Café-au-lait spots on the skin of an infant usually prompt screening for neurofibromatosis, which is associated with these characteristic light brown skin patches, unlike other conditions like albinism or vitiligo.
When assessing an infant with café-au-lait spots, the disease that should be ruled out is neurofibromatosis. Café-au-lait spots are typically light brown skin patches, and their presence is a common sign of neurofibromatosis, a genetic disorder that may affect skin pigmentation and cause growth of benign tumors along nerves. It is essential not to confuse these spots with similar skin conditions like vitiligo or albinism, which involve melanin disorders but do not predispose individuals to the same health complications as neurofibromatosis.

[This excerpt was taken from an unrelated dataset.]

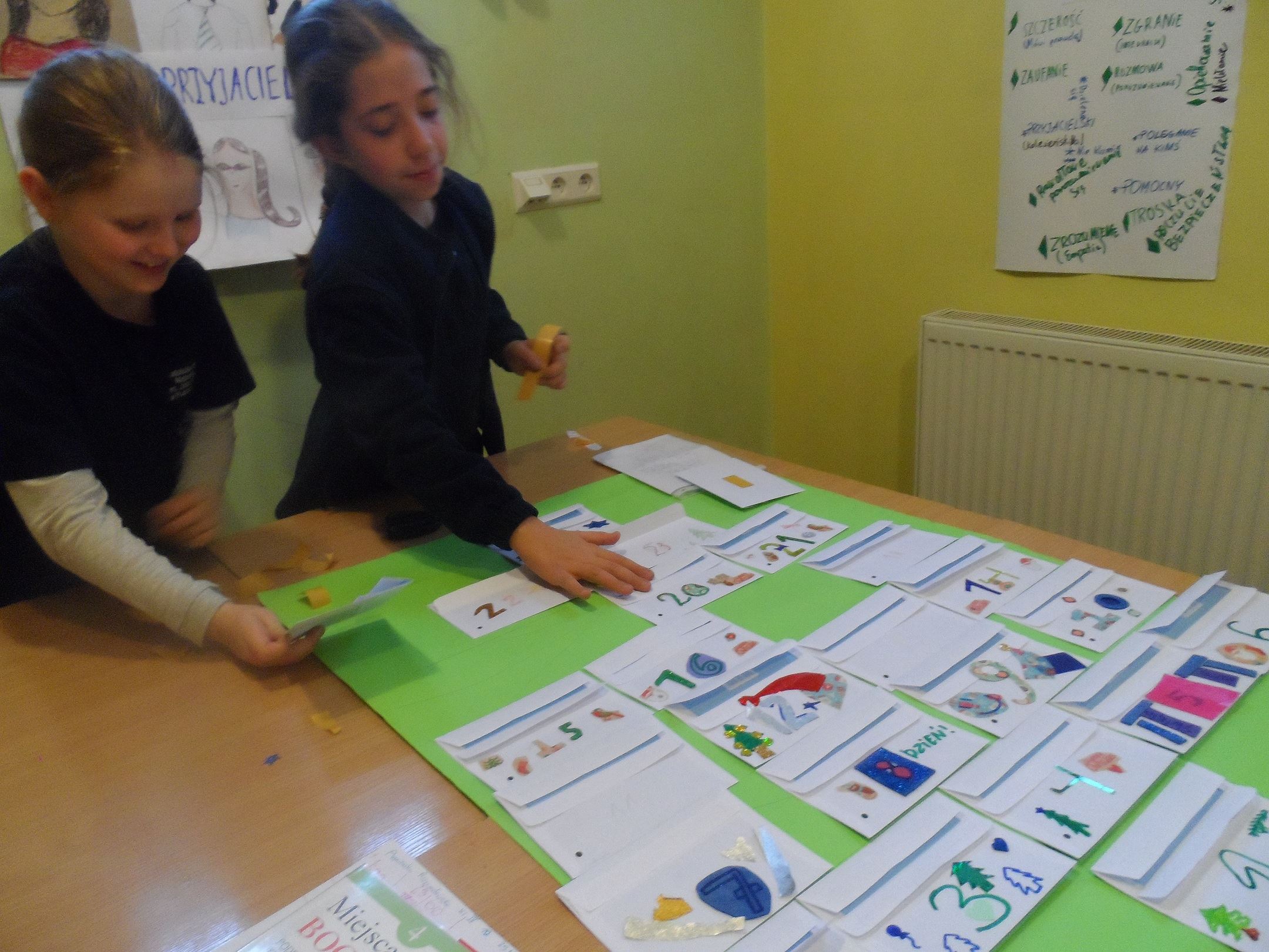 Tak powstaje Kalendarz adwentowy w naszej świetlicy. Kalendarz adwentowy - to specjalny kalendarz służący do odliczania dni od pierwszego dnia Adwentu do Wigilii Bożego Narodzenia. Codziennnie będzie do wykonania jakieś zadanie, czasami będzie też słodki poczęstunek.

Albinism is a genetic condition causing a complete or partial lack of melanin pigment in the skin, hair, and eyes, leading to very pale skin and increased sensitivity to UV radiation. On the other hand, vitiligo is characterized by patches of skin losing melanin. Other skin disorders, like psoriasis or atopic dermatitis, do not typically present through café-au-lait spots but may involve other symptoms such as redness and itching.
So, amongst the options provided, neurofibromatosis is the condition most commonly associated with café-au-lait spots and should be considered in the differential diagnosis of a patient presenting with these markings.